Fig. 1a shows a device 10 for determining optimized transfer functions TF (transfer function) for a listening room 12. To determine the listening room-optimized transfer functions TF, the listening room 12 or its room acoustics are analyzed. Therefore, the device 10 includes an interface, for example, as illustrated here a microphone interface (see reference numeral 14), for capturing room-related data. Since the listening room-optimized transfer functions TF, which are subsequently used via binaural synthesis to impart the characteristics of the listening room to an acoustic material, are typically designed in such a way that existing HRTFs are adapted, the device 10 can determine the transfer functions TF taking into account the HRTFs to be used. In this respect, the device 10 optionally includes another interface for reading in or forwarding HRTFs.
The following describes different approaches for determining the room acoustics, starting from the device 10, based on which the hearing-room-optimized transfer functions TF are then determined in a subsequent step. According to a first variant, the prevailing room acoustic conditions of the listening room can be measured technically. For example, the room acoustics of the listening room 12 can be measured using an acoustic measurement method and the device 10. To this end, a test signal is then used, transmitted via an optional speaker (not shown). The playback of the test signal or the control of the speaker can take place via the device 10, if the device 10 includes a speaker interface (not shown) or the speaker itself.The measurement signal transmitted via the speaker into room 12 is recorded using the microphone 14, so that the room acoustics can be determined based on the signal change along the measurement path (between the speaker and microphone). Thus, at least one hearing-room-optimized transfer function TF, for example, for a specific room direction or for a plurality of hearing-room-optimized transfer functions TF, can be derived. From the measured transfer function in a specific direction, room-acoustic parameters relevant to the listening room are derived. These are used to generate the hearing-room-optimized transfer functions TF for other required directions. For this purpose, discrete first reflections can be adapted to other room directions and distances of the virtual sound source positions to be displayed, by compressing and/or stretching certain areas of the impulse response (transfer function in the time domain).The information relevant to direction perception is contained in the HRTFs. To determine the ear-room-optimized transfer functions TF for all room directions or with very high accuracy, it may be advantageous, according to further exemplary embodiments, to repeat the analysis using the test signal for different positions of microphone 14 and speaker in the listening room 12.

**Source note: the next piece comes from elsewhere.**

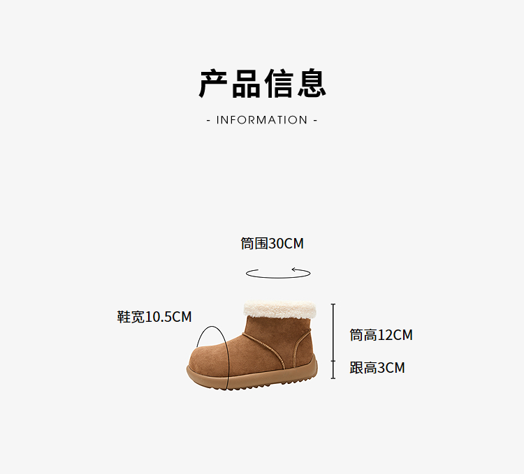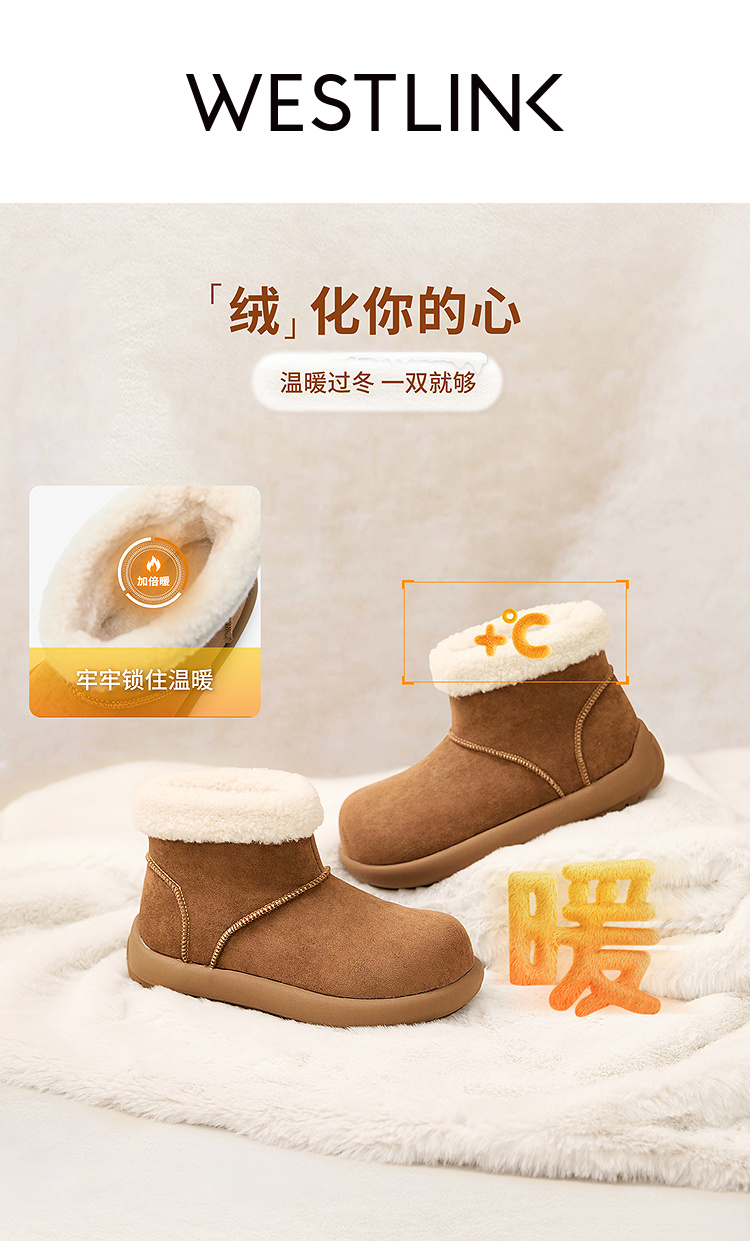 西遇厚底雪地靴女冬新款可爱卡皮巴拉棉鞋保暖加绒毛毛勃肯鞋V2457335

According to another variant, the determination of room acoustics can be estimated using acoustic signals that are already present in the listening room 12. Examples of such signals include ambient sounds that are naturally present, as well as a speech signal from a user. The algorithms used here are derived from algorithms for removing reverberation from a speech signal. The background is that typically, in the case of reverberation reduction algorithms, an estimation of the room transfer function lying on the signal to be de-reverberated is performed. So far, these algorithms have been used to determine a filter which, when applied to the original signal, results in the least reverberated signal possible. In the application for analyzing room acoustics, the filter function is not determined, but rather only an estimation method is used to identify the characteristics of the listening room. Again, the microphone 14, which is coupled to the device 10, is used in this process.
According to a third variant, room acoustics can be simulated based on geometric room data. This approach is based on the fact that geometric data (e.g., edge dimensions, free path length) of a room 12 allow for an estimation of the room acoustics. The room acoustics of the room 12 can either be directly simulated or approximately determined based on a room acoustic filter database that includes acoustic comparison models. In this context, methods such as acoustic ray tracing or the image source method in combination with a diffuse sound model can be mentioned. The two aforementioned methods are based on geometric models of the listening room. Therefore, the interface described above for capturing listening room-related data of the device 10 does not necessarily have to be a microphone interface, but can generally be referred to as a data interface used for reading in geometric data. Furthermore, it is also possible to read in additional data via the interface, which may include information about a speaker setup present in the listening room.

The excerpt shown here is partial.